Community Impact
- Type: Monthly
- Format: Full-color stapled newspaper
- Owner(s): Community Impact Newspaper Company (JG Media, Inc. (John P. Garrett & Jennifer Garrett))
- Publisher: Jaselle Luna, Jason Culpepper, Leanne Libby, Traci Rodriguez, Travis Baker
- Managing editor: Billy Wadsack, Kelly Schafler, Matt Stephens, Miranda Jaimes
- Content Editor: Marie Leonard
- Founded: 2005
- Language: English
- Headquarters: 16225 Impact Way Pflugerville, TX 78660
- Circulation: 2.5 million
- Website: communityimpact.com
- Free online archives: communityimpact.com/print-archives/

= Community Impact =

Newspaper

Community Impact is a news organization founded and privately owned by John and Jennifer Garrett, who respectively serve as its current Chief Executive Officer and Chief Facility Management Officer. Its products include monthly newspapers delivered through USPS mail and daily email newsletters to opt-in inboxes. As of 2023, it delivers to over 35 markets, covering 2.5 million mailboxes in the Austin, Dallas-Fort Worth, Houston and San Antonio metros.

==History==

In September 2005, Community Impact Newspaper launched its first edition in Round Rock and Pflugerville, Texas. Six employees created the first newspaper in the game room of John and Jennifer Garrett's house. Garrett was a former Advertising Director of the Austin Business Journal.

In its first five years, Community Impact Newspaper added about 60 employees and launched 10 community newspapers, including an expansion to the Houston metro in September 2009. In 2010, in a period of heavy layoffs at newspapers and throughout the legacy media industry, Community Impact Newspaper experienced growth, branding the idea that "Print Ain't Dead." After expanding into the Dallas–Fort Worth metro area in March 2011, the media company was featured by Editor & Publisher, CISION and CultureMap Austin.

From 2011-2016, Community Impact Newspaper was named to Inc. Magazine's top 5000 fastest-growing companies for seven consecutive years.

In late 2012, Community Impact Newspaper announced plans to build a new $2.5 million headquarters in Pflugerville, TX, and the 16,000-square-foot office was completed in December 2013. John Garrett was featured in Forbes shortly after the announcement.

In June 2015, Community Impact Newspaper announced it would build a $10 million printing facility next to its headquarters to begin printing all newspaper editions starting in 2016. Since then Community Impact Printing has added on outside printing customers throughout the U.S.

In 2018, Community Impact Newspaper announced its first launch outside of Texas into Phoenix, Arizona, debuting in Gilbert and from there growing into Chandler. In 2019, Community Impact Newspaper launched in the Franklin & Brentwood communities outside of Nashville, Tennessee.

Early March 2020, Community Impact Newspaper launched in the Alpharetta & Milton communities outside of Atlanta, Georgia.
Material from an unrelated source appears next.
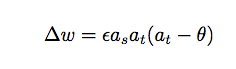 This is a variant of Hebbian learning in which the learning rate is proportional to the difference between the post-synaptic activation at and a threshold θ, where θ can be fixed or sliding.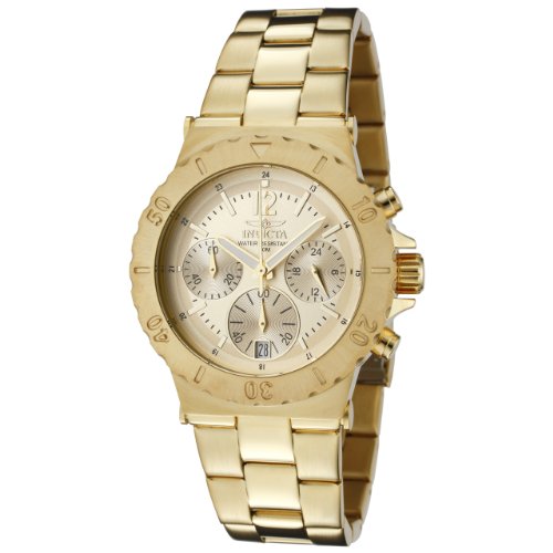Gold dial with gold tone hands, hour markers and arabic numeral 12; Luminous; Unidirectional bezel

However, due to the COVID-19 pandemic, the market closed soon after.

In 2022, Community Impact Newspaper decided to focus solely on Texas as the 9th largest economy in the world, rebranding as Community Impact. They removed “newspaper” from their name, changed their logo and updated their mission statement as a symbol of their “flywheel” strategy, which aims to develop digital products on par with print and recognize the significance of both for readers. That same year, Community Impact started building a Houston Headquarters office in the Jersey Village community, with all staff celebrating the move in at an open house the next April.

As of 2023, the company employs 200 “Impacters” and has won many industry awards, with leadership often serving as event presenters and moderators. In April 2023, Texas Monthly did a feature profile on John Garrett and Community Impact, giving details on the thriving business given the struggling print and news industries.

==Markets==

As of 2026 the following markets are being served with various individual editions:

- Austin metro area including Travis County, Williamson County, Hays County and Comal County
- Houston metro area including Brazoria County, Harris County, Fort Bend County, Montgomery County and Galveston County
- Dallas Fort Worth Metroplex including Tarrant County, Collin County, Denton County and Dallas County

The newspaper is mailed to all households and businesses in the given area assuring widespread circulation. It is a non-subscription based newspaper and comes free in the mail each month. However, subscriptions are available for those outside of the circulation area.